Radio observatories detect hidden gas shielding record-breaking space blast
With a network of high-powered radio telescopes, scientists have discovered a giant "cocoon" of gas surrounding one of the most explosive events ever recorded in space. This cocoon was making one of the brightest events in the universe appear to be missing key chemical signatures, according to the National Radio Astronomy Observatory.
See the little dot? New studies of that blue flash from the distant universe (a "Luminous Fast Blue Optical Transient") indicate it was caused by a black hole swallowing an entire star.
— Corey S. Powell (@coreyspowell) January 11, 2026
For a moment, it blazed as bright as 100 billion Suns. https://t.co/DDubsyjfOr pic.twitter.com/Sy2sLWjcYu
The object, now officially known as AT2024wpp and unofficially dubbed "the Whippet," is a member of the rare and not-so-well-understood class of space explosions termed Luminous Fast Blue Optical Transients, or LFBOTs. They are bright enough to outshine about 100 billion Suns but vanish in a matter of days before most telescopes can react. The Whippet is especially significant among these since it is the brightest known LFBOT discovered yet.
The Whippet was first spotted in September 2024 by the Zwicky Transient Facility. Initial follow-up data from NASA’s Swift satellite and the Liverpool Telescope revealed that the blast was scorching hot and churning out intense X-rays, but scientists were scratching their heads about what they weren’t seeing. During an LFBOT explosion, the debris should slam into surrounding gas, creating distinctive chemical "fingerprints" in ultraviolet and optical light.
In the Whippet's case, those signatures could not be detected even with the Hubble Space Telescope. The space around the explosion looked empty, even though theory said that it should be crowded with stellar debris. Ultimately, the mystery was solved by the National Science Foundation's Very Large Array (VLA) and Atacama Large Millimeter/submillimeter Array (ALMA). These radio telescopes do not depend on light signatures; instead, they can follow shock waves.

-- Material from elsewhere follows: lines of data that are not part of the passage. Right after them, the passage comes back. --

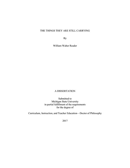 "Much research about the transition experiences of military combat veterans returning to civilian life and college emphasizes the role of identity development and post-secondary institutional support for veteran students during their time of transition. Contemporary discourse tends to frame return experience through the lens of post-traumatic stress disorder. This study uses phenomenological methodology to inquire into the lived experiences of four student veterans attending the rural campus of a Midwestern community college. The focus of the study is to evaluate military-learned habits in light of present transitional circumstances. Analysis of the educational stories rendered from the veterans' sharing of their experiences, from the time they joined the military, through their combat deployments and subsequent return home to civilian life and college, reveals findings that suggest that the veteran students are still carrying with them upon their return habits learned from their time in the military and during deployment. Through analysis, a novel understanding of transition emerges, one that brings into relief the human struggle to grow and find meaning during times of transition. The crucial role of past educative experience and re-learning is examined. The dissertation concludes with recommendations for practice within the walls of community college and beyond."--Page ii.
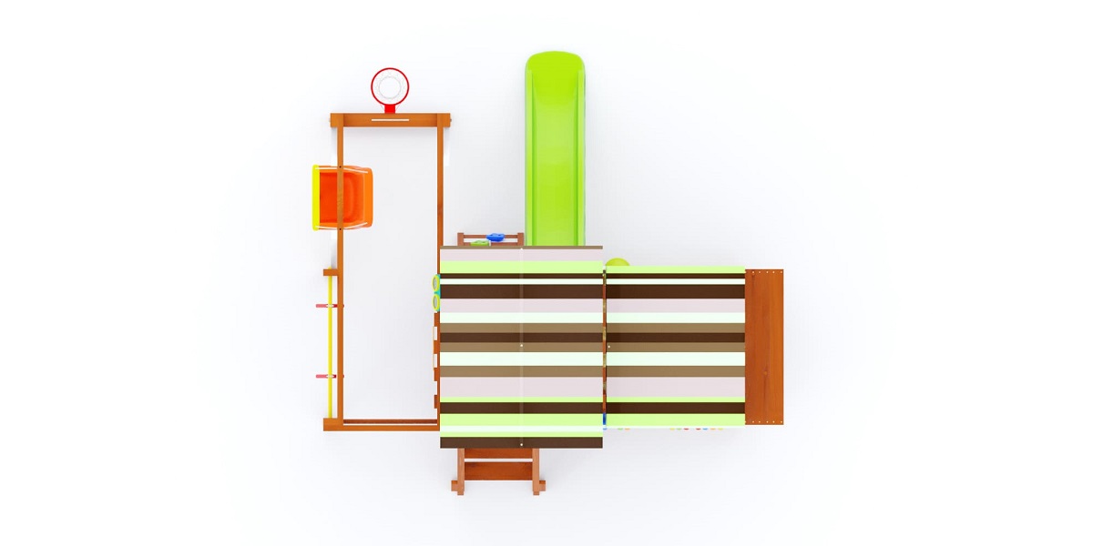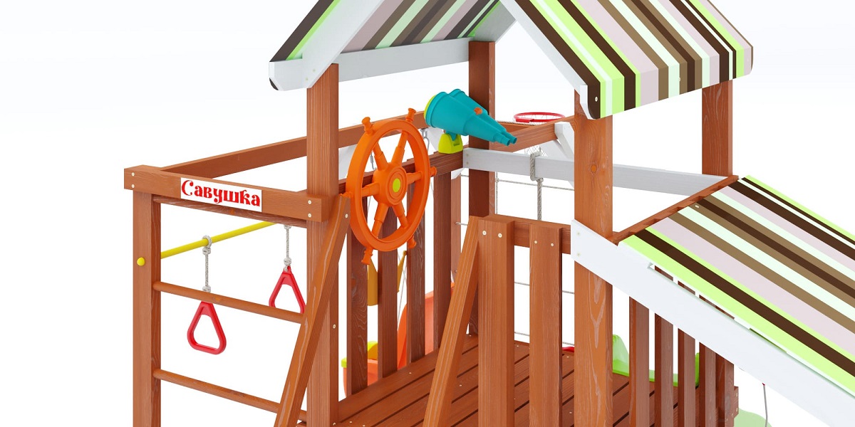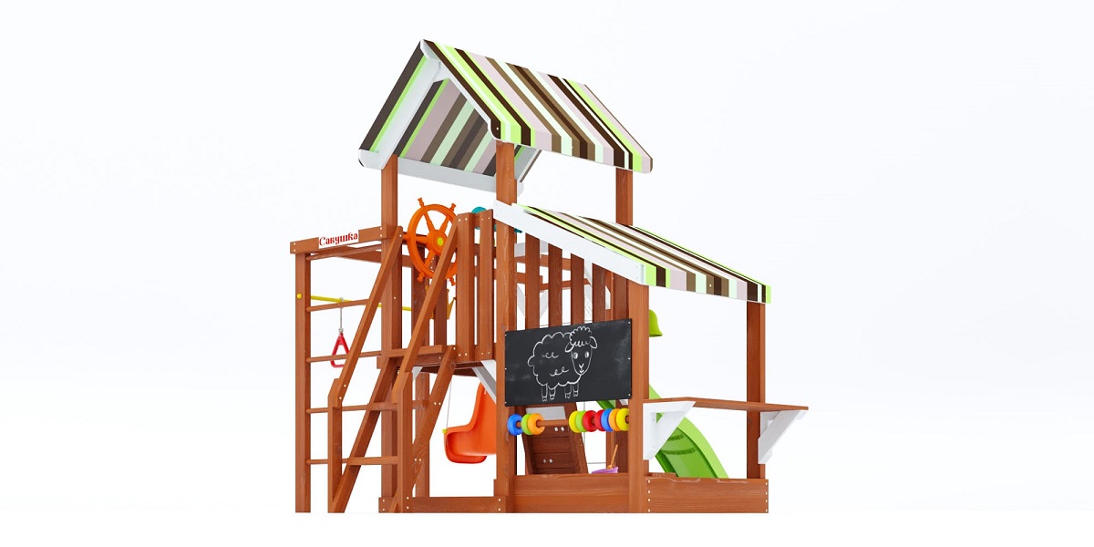 — Цвет крыши и горки: синий или салатовый
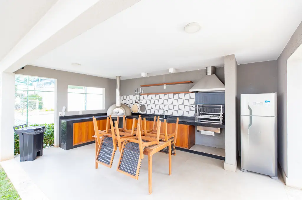 O condomínio oferece infraestrutura completa de lazer e segurança, incluindo portaria 24 horas, piscinas adulto e infantil, área gourmet com churrasqueira, academia equipada, salão de festas, playground, quadra poliesportiva, pet place, bicicletário, mercadinho, coworking e salão de jogos, além de áreas verdes para caminhadas e convivência.
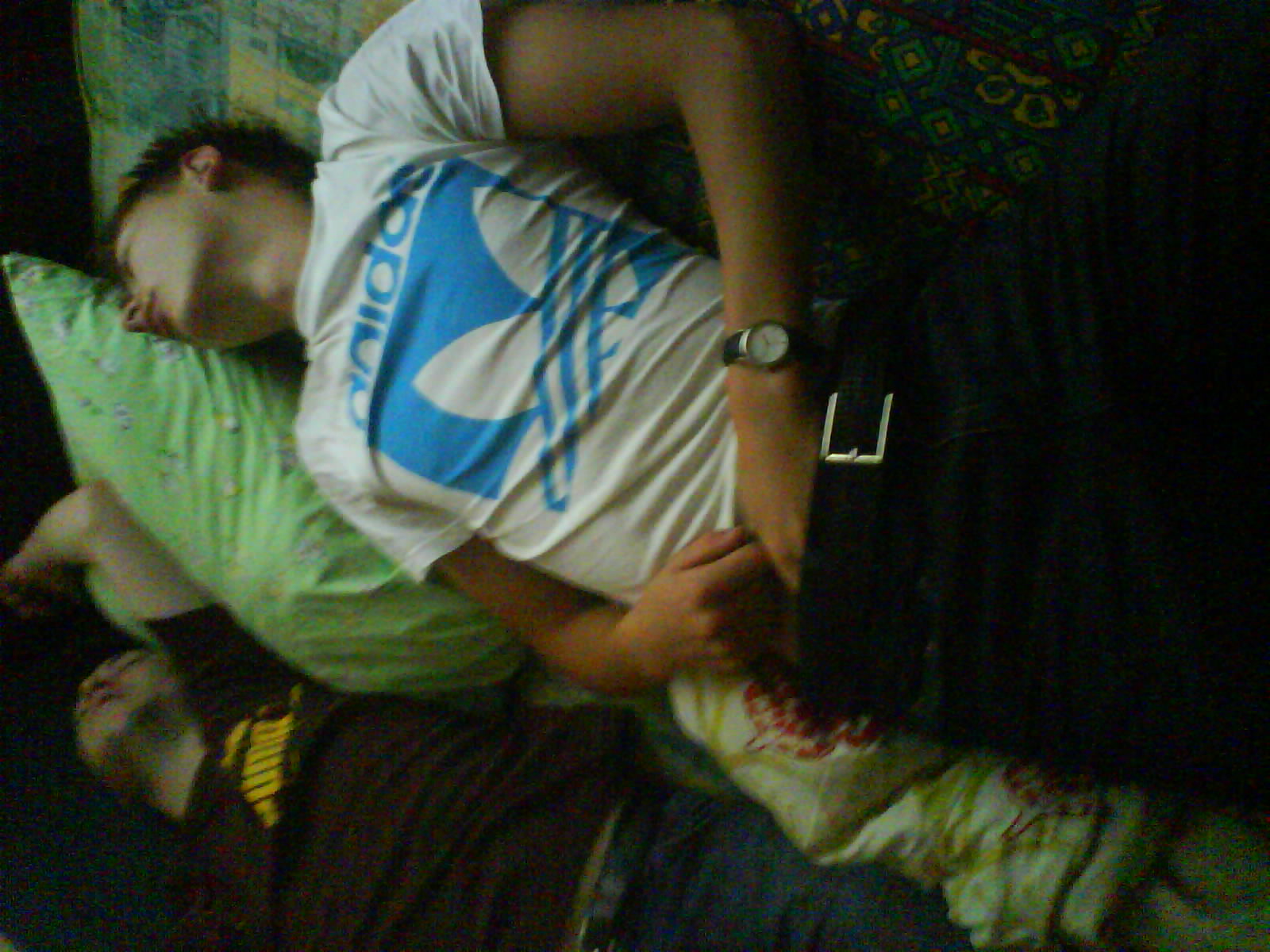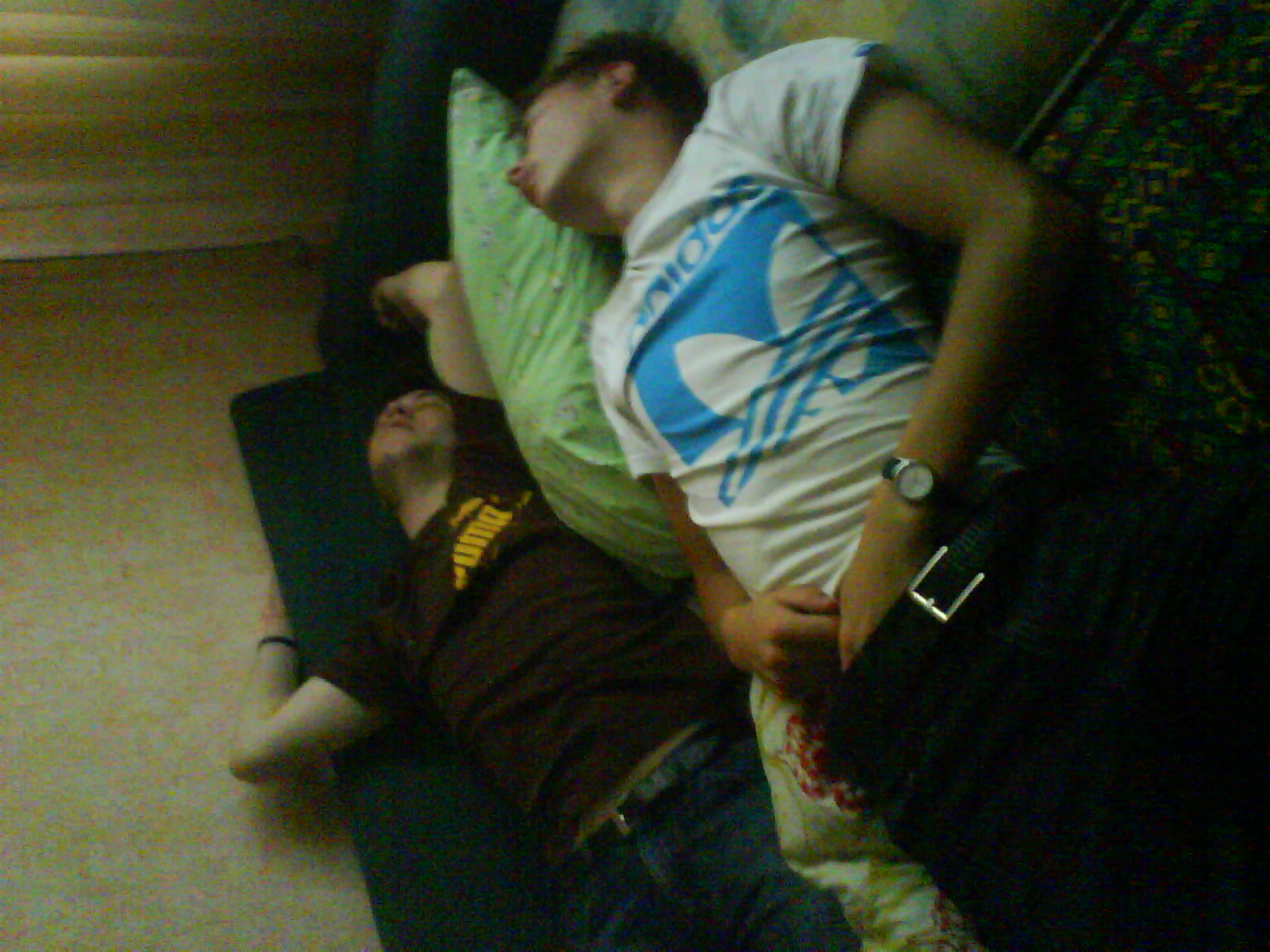 В белой абибасовской футболке Салфетков Антоха что-ли и че это он в штаны во сне полез?
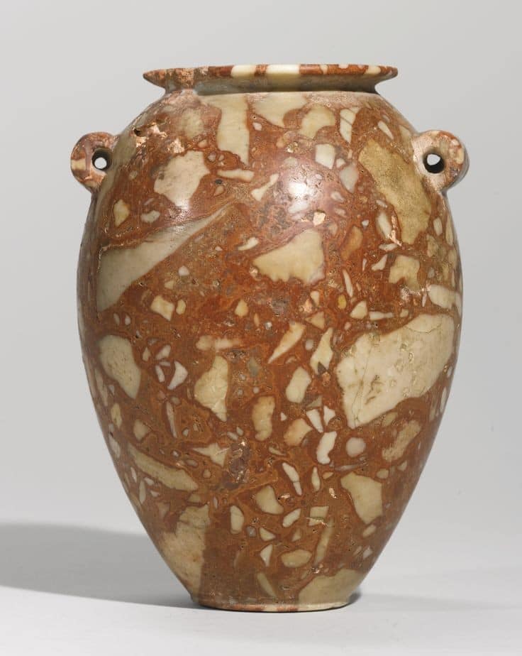 Gli egiziani svilupparono presto la capacità di lavorare la pietra dura in forma di vaso. Il basalto era popolare fin dall’inizio (4000 aC). Col passare del tempo, altre pietre sono entrate in uso, alcune trasportate da cave lontane nei deserti, rendendole preziose come status symbol. La maggior parte dei vasi era di forma convenzionale, ma occasionalmente venivano intagliati anche vasi a forma di animale. La colorata breccia rossa era una delle pietre preferite per i vasi realizzati a forma di animali come ippopotami, uccelli , tartarughe e rane. Ciascuno di questi animali aveva un significato specifico per gli antichi egizi.
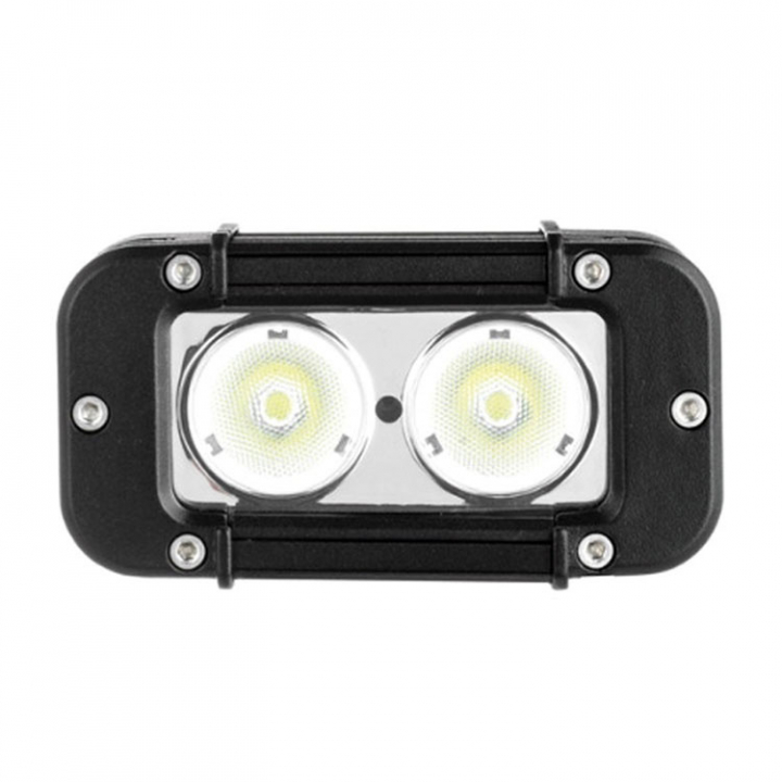 Arbetsbelysning i en kompakt design med 2x10 watt LED-lampa, vilket ger ca. 1350 lumen i ljusflöde. Lampan är tillverkad av vattentät (IP67) svart plast med rostfri hållare. - Egenskaper

The radio data revealed a shock wave that charged outward at 20% of the speed of light, which had then struck a dense pocket of gas located very close to the explosion. Immediately, the scientists realized that the gas had never disappeared—the explosion's own power had simply cloaked it. The X-rays produced by the blast were so intense that they stripped electrons off the nearby gas. This ionization effectively erased the chemical fingerprints that optical and ultraviolet telescopes usually detect.
The researchers recreated the Whippet's last moments by merging data from various light spectrums. They think a nearby star was consumed by a massive black hole, which is what caused the explosion. The star started to lose its outer layers as the black hole spiraled toward its victim, producing a dense gas bubble. After the core was torn apart, its debris arranged itself into a hot disk that acted as the black hole's food. This feeding frenzy produced a strong wind that collided with the gas that had previously been shed, lighting it up from radio to X-rays. Later observations from Keck, Magellan, and even the Very Large Telescope revealed faint traces of hydrogen and helium traveling at 6,000 km/s. This suggests that a dense structure survived the initial blast.